• [What to do] No pictures in the copy. Write out the listing below exactly.

------------------------------------------------------------------------

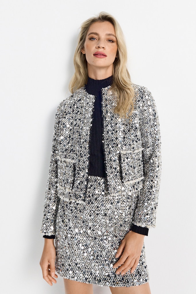 Boxy sequins tweed jacket
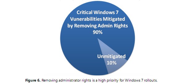 Yukarıdaki yargıya BeyondTrust’ın yaptığı araştırmanın sonucunda varıyoruz. Söz konusu şirketin “imtiyazlı erişim yönetimi” yazılımları satması böyle bir sonucun ortaya çıkmasında etkili olabilir. Çoğumuz Windows 7’yi yönetici haklarıyla kullanıyoruz ve şimdiye kadar ciddi bir sıkıntıyla karşılaştığımızı söyleyemeyiz. Ancak BeyondTrust’a hak veren ve kullanıcılarının bilgisayarlarındaki haklarını kısıtlayan birçok şirket bulunuyor. Hazırlanan rapor Microsoft’un 2009 yılındaki açıklarına yakından bakıyor. Rapor edilen 55 Microsoft Office açığı ve listelenen 33 IE açığından yüzde 94’ü standart bir kullanıcı hesabıyla basit bir şekilde önlenebiliyormuş. Daha iyi bir güvenlik yazılımı kullanarak da bu sorunların önüne geçmek mümkün. İlgilenenler yazının devamındaki bağlantıdaki PDF dosyasına göz atıp daha ayrıntılı bilgi alabilirler.
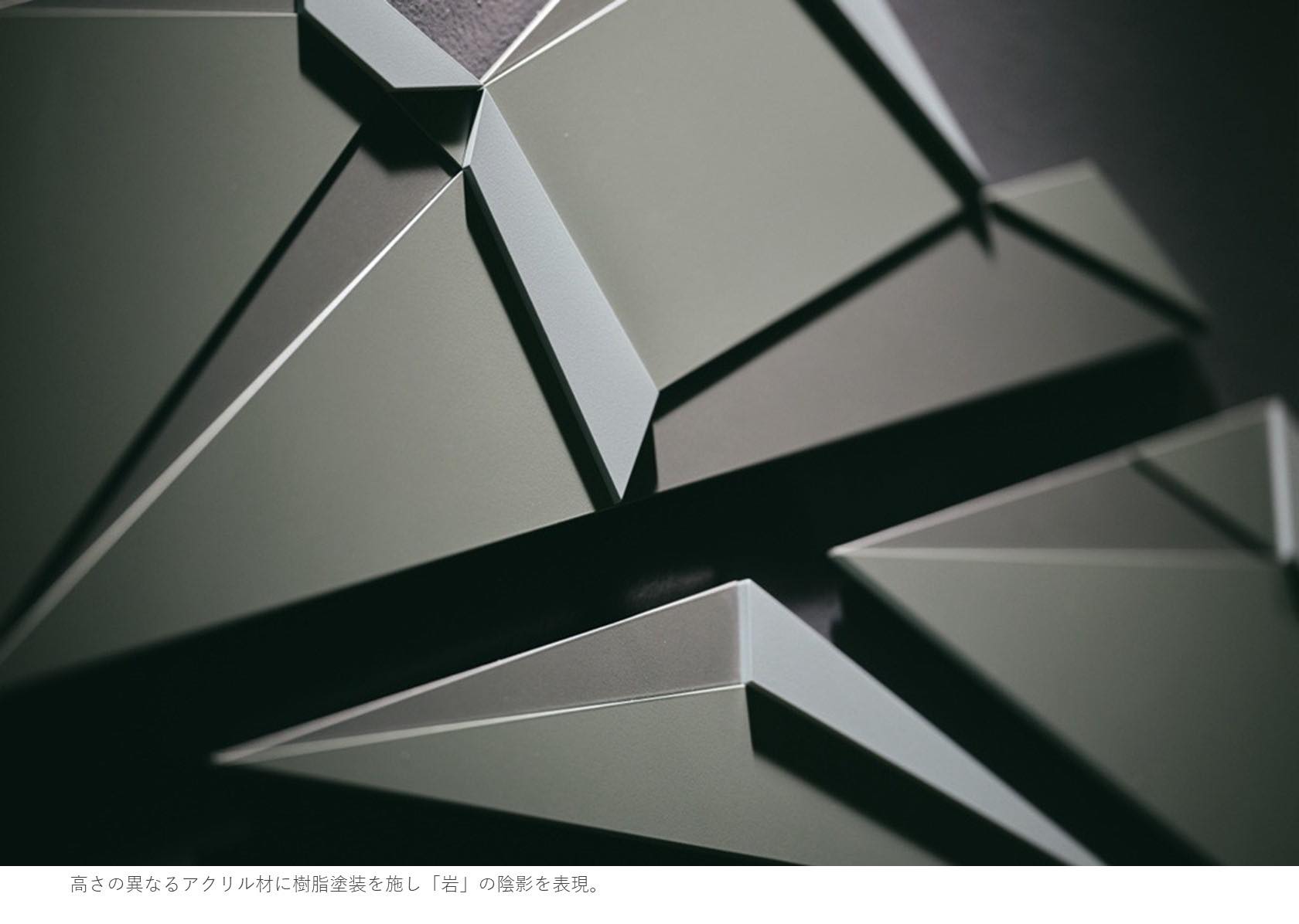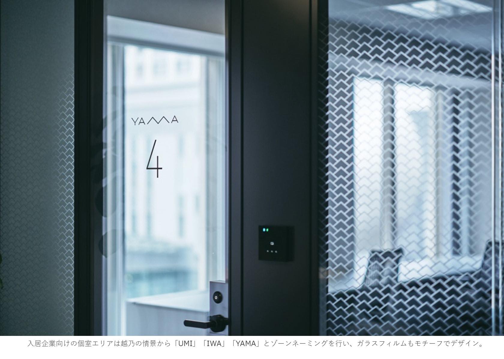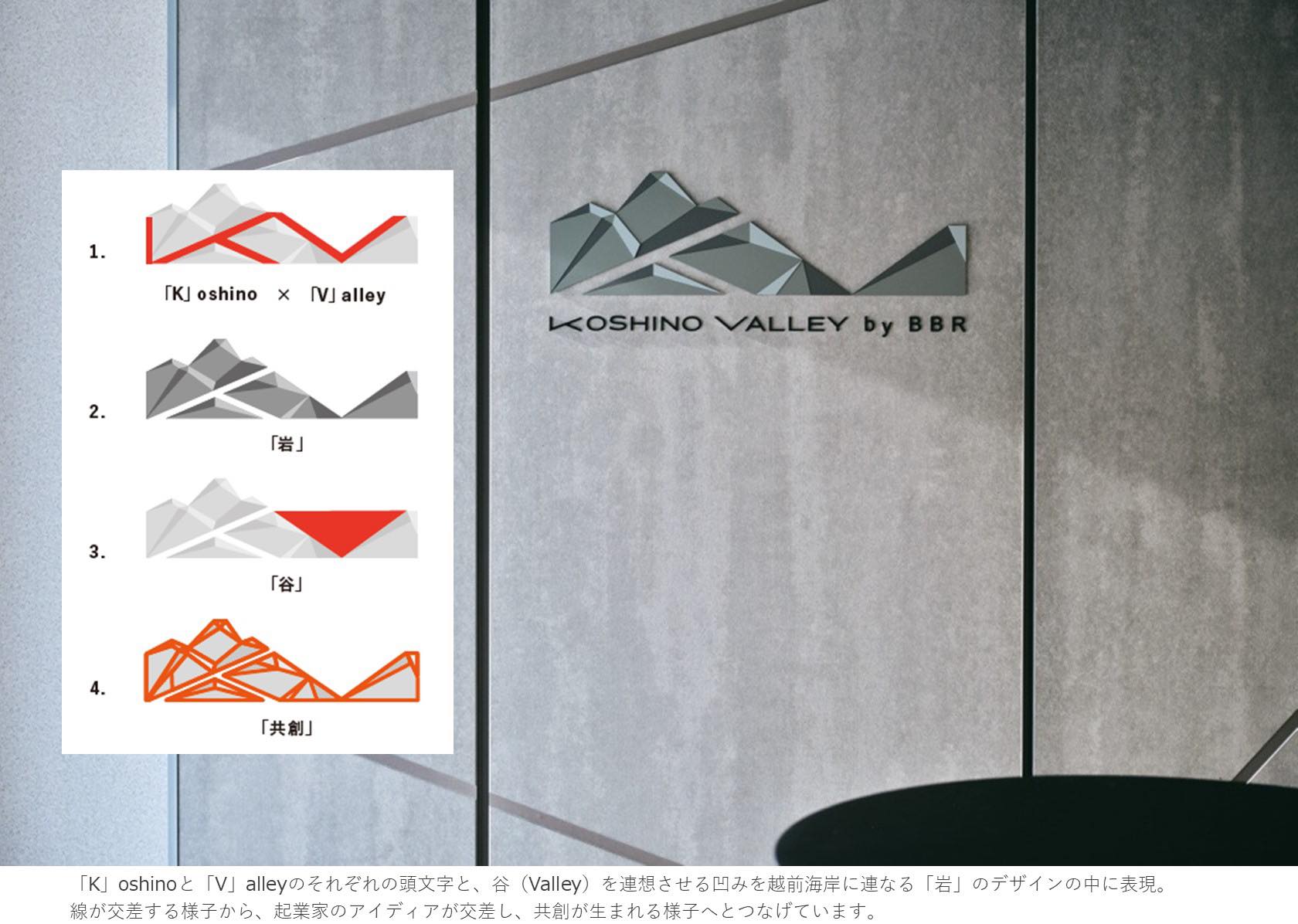 作品意図『越乃バレー』というネーミングには、福井県の山や海に囲まれた谷あいの街「越乃」から、多くのイノベーションを起こすという期待が込められています。日本海や越前海岸のゴツゴツした岩、連なる山々など、越乃の情景をモチーフとしたデザイン要素を散りばめることで、起業家同士が切磋琢磨しながら新たなビジネスが生まれ、福井を代表する企業を創出する。施設の強い想いが込められています。
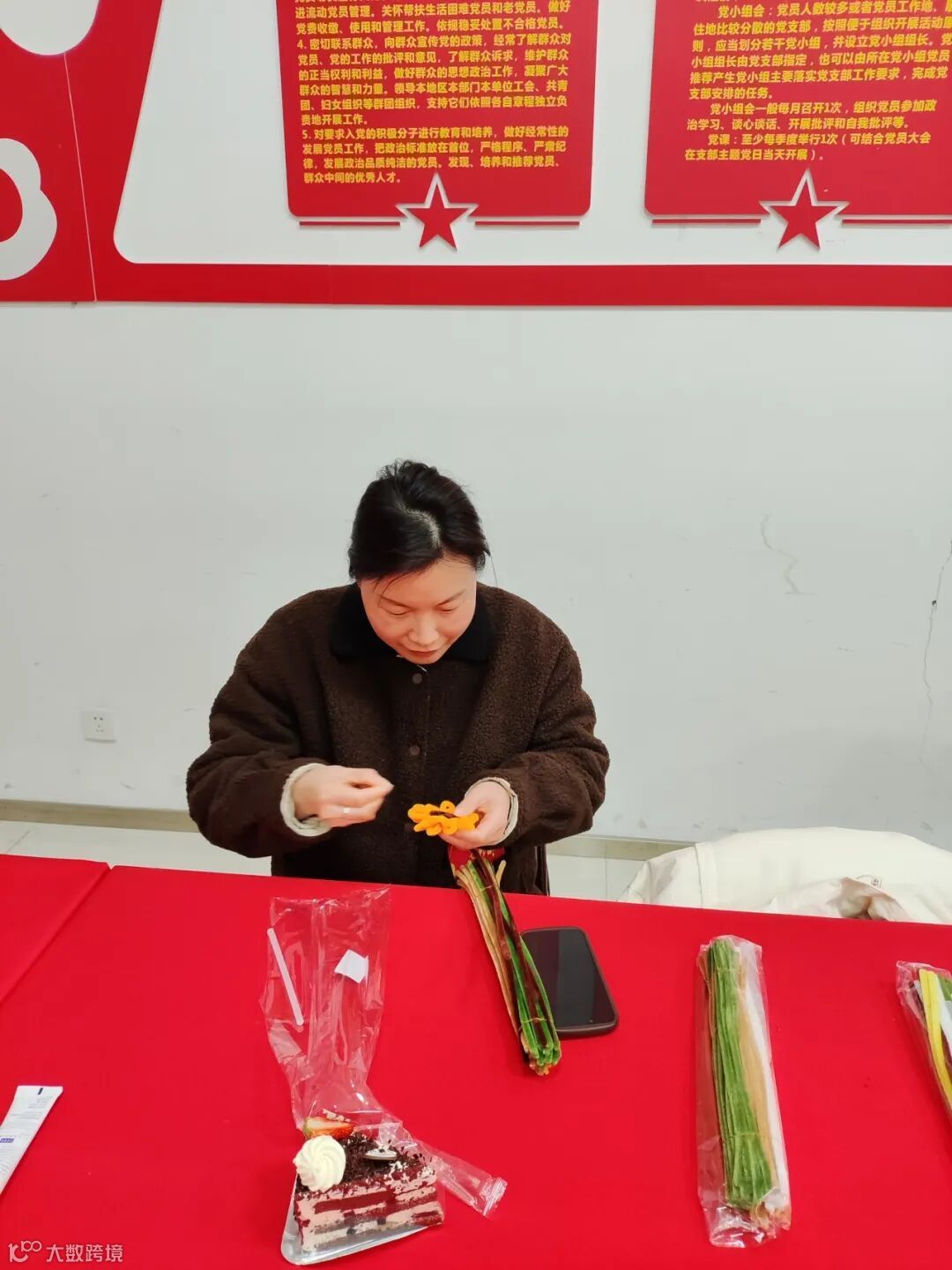 3月8日下午,活动在馥郁芬芳中拉开帷幕。公司不仅为每位女职工准备了暖心节日礼遇,更特别设置精致甜品台营造温馨氛围。活动现场,大家开启了扭扭棒花艺创作之旅,各色材料在匠心巧手中幻化成绚丽花枝——粉樱含羞、白兰清雅、雏菊烂漫,每一片花瓣的捻转都凝结着智慧巧思,每根枝条的造型都彰显着审美意趣。
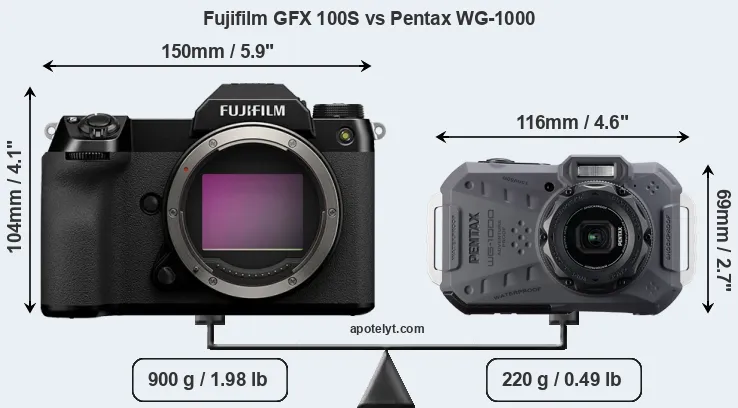 The physical size and weight of the Fujifilm GFX 100S and the Pentax WG-1000 are illustrated in the side-by-side display below. The two cameras are presented according to their relative size. Three successive views from the front, the top, and the rear are shown. All width, height and depth measures are rounded to the nearest millimeter.
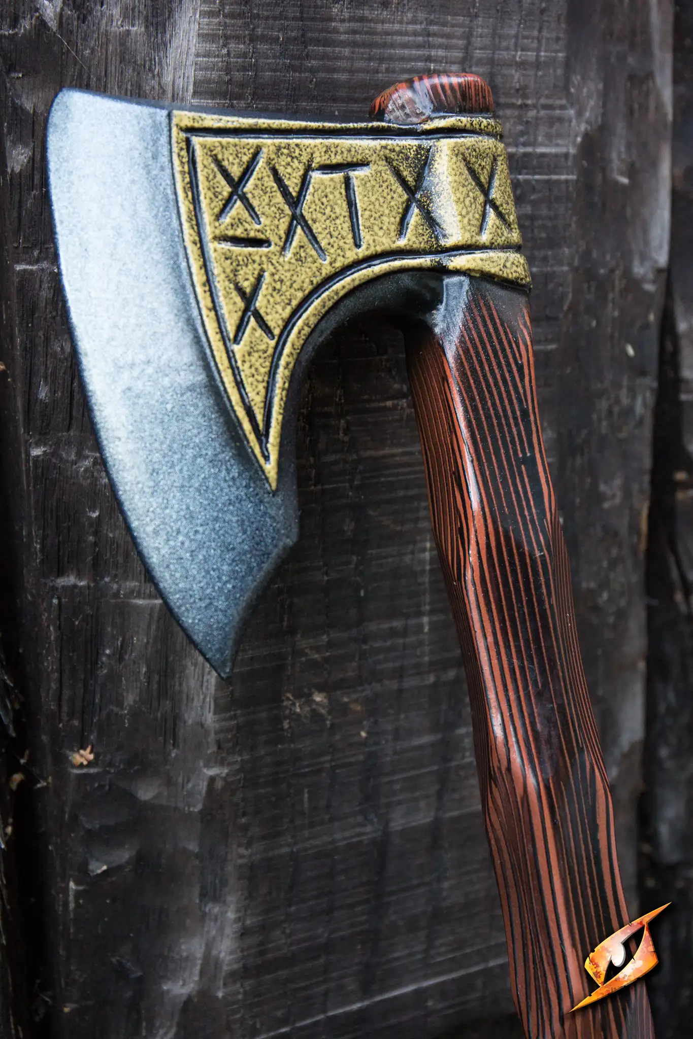 Epic Armoury’s new improved version of the bestselling Viking Short Axe is reinforced to make it even more durable. The axe-head has a 18 cm edge and a golden embellishment that matches the pommel. The handle is 45 cm long and carved to look like rough wood grain without a specific grip, encouraging the user to make use of the axe’s versatile design.
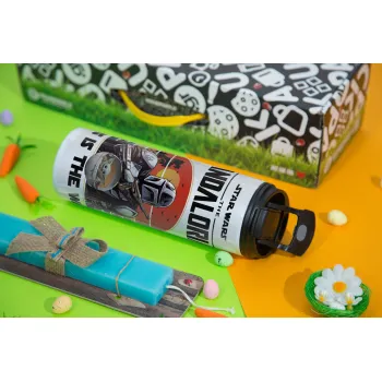 Mandalorian, Easter candle,Travel Tumbler 2 Lids, with metal straw & cleaning brush & aromatic flat candle (30cm) (BLUE)
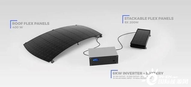 据悉,EV Solar Kits特斯拉光伏升级包包含一个400瓦的太阳能车顶和八个可折叠的太阳能面板组成,每个面板可产生200瓦的电能、一个逆变器和一个6 kW小型电池、一个220伏插座、两个110伏插座和两个USB插槽。
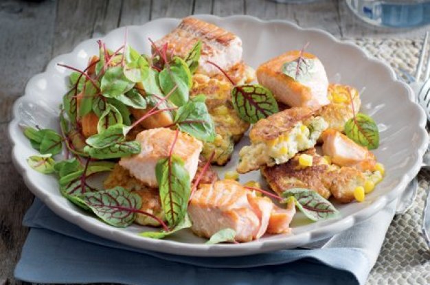 Do mísy prosejte mouku s kypřicím práškem, přidejte vejce, mléko a sýr, osolte, opepřete a lehce prošlehejte. Přidejte kukuřičná zrna a kopr a promíchejte.V pánvi na středním ohni rozpalte 2 lžíce olivového oleje. Na pánev naneste lžící několik hromádek kukuřičné směsi a rozetřete je na vyšší placky. Opékejte z každé strany asi 3 minuty dozlatova. Postupně stejným způsobem opečte všechny smaženky a uchovejte je teplé.Do pánve přilijte zbylý olej a opečte na něm filety lososa; z každé strany asi 4 minuty. Lososa osolte, opepřete a rozdělte na kousky. Rybu pak položte na smaženky a posypte zelenými lístky. Můžete podávat s citronem nakrájeným na klínky.
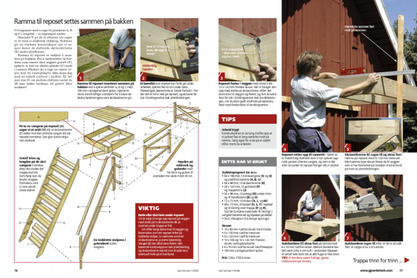 Ramma til reposet er enklest å mon-tere på bakken. For å understøtte de bor-dene som senere skal utgjøre gulvet (F), spikrer vi fast en ekstra planke (C) midt i ramma. Ønsker du å lage en større re-pos, kan du sannsynligvis ikke nøye deg med en enkelt avstiver i midten. Er det mer enn 60 cm mellom støttene under de 28 mm tykke bordene, vil gulvet føles usikkert.
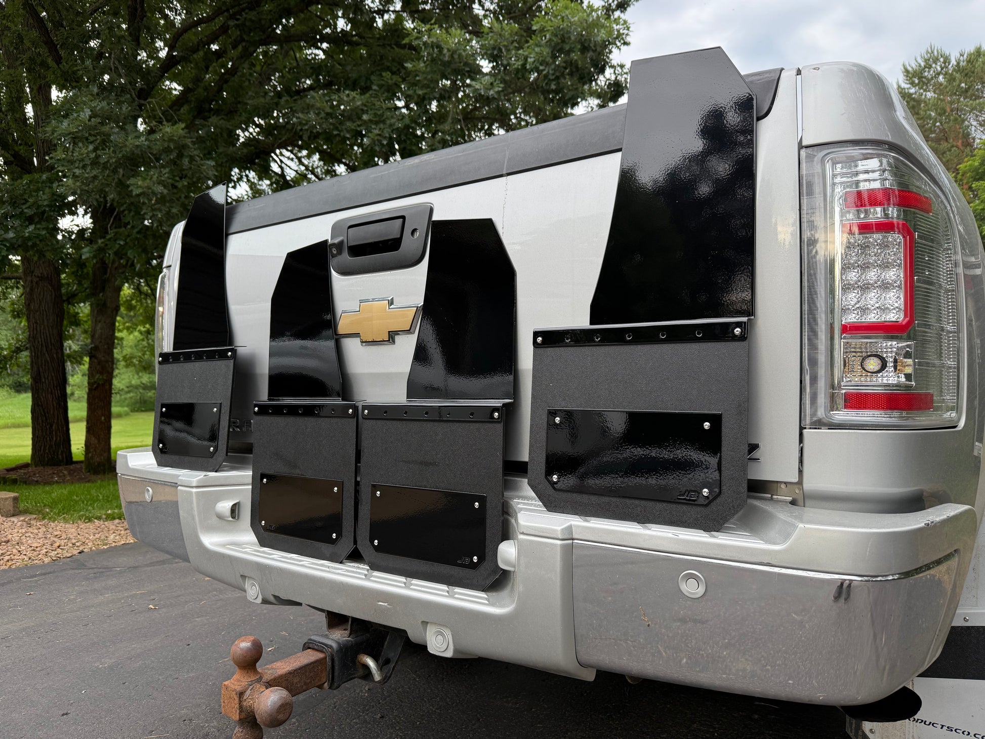 Keep your paint fresh and the cops off your butt with our kickback mudflaps! Whether your towing dump trailers to the jobsite or building your newest show truck, our mudflaps are the perfect accessory for that clean/functional look. We wanted to bring a you mudflap that will provide maximum protection all while adding a hint of style. With multiple widths, colors, and design options, the possibilities are endless. The straight kickback fits perfectly with Gm's plastic fender well extensions. Follow our guides below to ensure your getting exactly what you need!
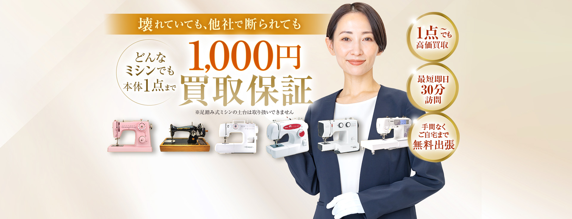 古いアンティークミシンをどう処分しようか迷っていたところ、こちらで“どんなミシンでも1,000円保証”と聞いて一安心。すぐに来てくださり、壊れていても快く査定していただき、現金で受け取れて本当に助かりました。
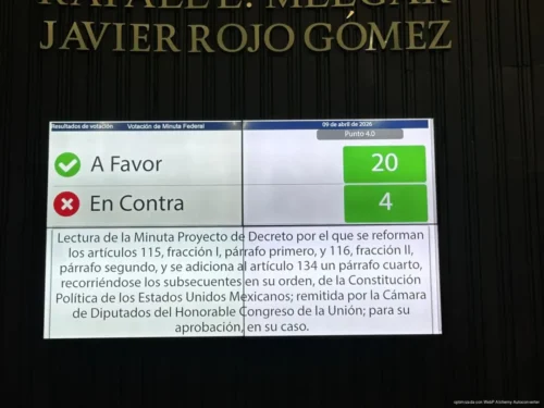 Finalmente, la reforma quedó avalada con el silencio de los panistas, con cuatro votos en contra y 20 a favor, sus efectos según los transitorios, a partir de la legislatura y Ayuntamientos subsecuentes, es decir después de la elección de 2027.

------------------------------------------------------------------------

• [Written response]
 Boxy sequins tweed jacket
 Yukarıdaki yargıya BeyondTrust’ın yaptığı araştırmanın sonucunda varıyoruz. Söz konusu şirketin “imtiyazlı erişim yönetimi” yazılımları satması böyle bir sonucun ortaya çıkmasında etkili olabilir. Çoğumuz Windows 7’yi yönetici haklarıyla kullanıyoruz ve şimdiye kadar ciddi bir sıkıntıyla karşılaştığımızı söyleyemeyiz. Ancak BeyondTrust’a hak veren ve kullanıcılarının bilgisayarlarındaki haklarını kısıtlayan birçok şirket bulunuyor. Hazırlanan rapor Microsoft’un 2009 yılındaki açıklarına yakından bakıyor. Rapor edilen 55 Microsoft Office açığı ve listelenen 33 IE açığından yüzde 94’ü standart bir kullanıcı hesabıyla basit bir şekilde önlenebiliyormuş. Daha iyi bir güvenlik yazılımı kullanarak da bu sorunların önüne geçmek mümkün. İlgilenenler yazının devamındaki bağlantıdaki PDF dosyasına göz atıp daha ayrıntılı bilgi alabilirler.
 作品意図『越乃バレー』というネーミングには、福井県の山や海に囲まれた谷あいの街「越乃」から、多くのイノベーションを起こすという期待が込められています。日本海や越前海岸のゴツゴツした岩、連なる山々など、越乃の情景をモチーフとしたデザイン要素を散りばめることで、起業家同士が切磋琢磨しながら新たなビジネスが生まれ、福井を代表する企業を創出する。施設の強い想いが込められています。
 3月8日下午,活动在馥郁芬芳中拉开帷幕。公司不仅为每位女职工准备了暖心节日礼遇,更特别设置精致甜品台营造温馨氛围。活动现场,大家开启了扭扭棒花艺创作之旅,各色材料在匠心巧手中幻化成绚丽花枝——粉樱含羞、白兰清雅、雏菊烂漫,每一片花瓣的捻转都凝结着智慧巧思,每根枝条的造型都彰显着审美意趣。
 The physical size and weight of the Fujifilm GFX 100S and the Pentax WG-1000 are illustrated in the side-by-side display below. The two cameras are presented according to their relative size. Three successive views from the front, the top, and the rear are shown. All width, height and depth measures are rounded to the nearest millimeter.
 Epic Armoury’s new improved version of the bestselling Viking Short Axe is reinforced to make it even more durable. The axe-head has a 18 cm edge and a golden embellishment that matches the pommel. The handle is 45 cm long and carved to look like rough wood grain without a specific grip, encouraging the user to make use of the axe’s versatile design.
 Mandalorian, Easter candle,Travel Tumbler 2 Lids, with metal straw & cleaning brush & aromatic flat candle (30cm) (BLUE)
 据悉,EV Solar Kits特斯拉光伏升级包包含一个400瓦的太阳能车顶和八个可折叠的太阳能面板组成,每个面板可产生200瓦的电能、一个逆变器和一个6 kW小型电池、一个220伏插座、两个110伏插座和两个USB插槽。
 Do mísy prosejte mouku s kypřicím práškem, přidejte vejce, mléko a sýr, osolte, opepřete a lehce prošlehejte. Přidejte kukuřičná zrna a kopr a promíchejte.V pánvi na středním ohni rozpalte 2 lžíce olivového oleje. Na pánev naneste lžící několik hromádek kukuřičné směsi a rozetřete je na vyšší placky. Opékejte z každé strany asi 3 minuty dozlatova. Postupně stejným způsobem opečte všechny smaženky a uchovejte je teplé.Do pánve přilijte zbylý olej a opečte na něm filety lososa; z každé strany asi 4 minuty. Lososa osolte, opepřete a rozdělte na kousky. Rybu pak položte na smaženky a posypte zelenými lístky. Můžete podávat s citronem nakrájeným na klínky.
 Ramma til reposet er enklest å mon-tere på bakken. For å understøtte de bor-dene som senere skal utgjøre gulvet (F), spikrer vi fast en ekstra planke (C) midt i ramma. Ønsker du å lage en større re-pos, kan du sannsynligvis ikke nøye deg med en enkelt avstiver i midten. Er det mer enn 60 cm mellom støttene under de 28 mm tykke bordene, vil gulvet føles usikkert.
 Keep your paint fresh and the cops off your butt with our kickback mudflaps! Whether your towing dump trailers to the jobsite or building your newest show truck, our mudflaps are the perfect accessory for that clean/functional look. We wanted to bring a you mudflap that will provide maximum protection all while adding a hint of style. With multiple widths, colors, and design options, the possibilities are endless. The straight kickback fits perfectly with Gm's plastic fender well extensions. Follow our guides below to ensure your getting exactly what you need!
 古いアンティークミシンをどう処分しようか迷っていたところ、こちらで“どんなミシンでも1,000円保証”と聞いて一安心。すぐに来てくださり、壊れていても快く査定していただき、現金で受け取れて本当に助かりました。
 Finalmente, la reforma quedó avalada con el silencio de los panistas, con cuatro votos en contra y 20 a favor, sus efectos según los transitorios, a partir de la legislatura y Ayuntamientos subsecuentes, es decir después de la elección de 2027.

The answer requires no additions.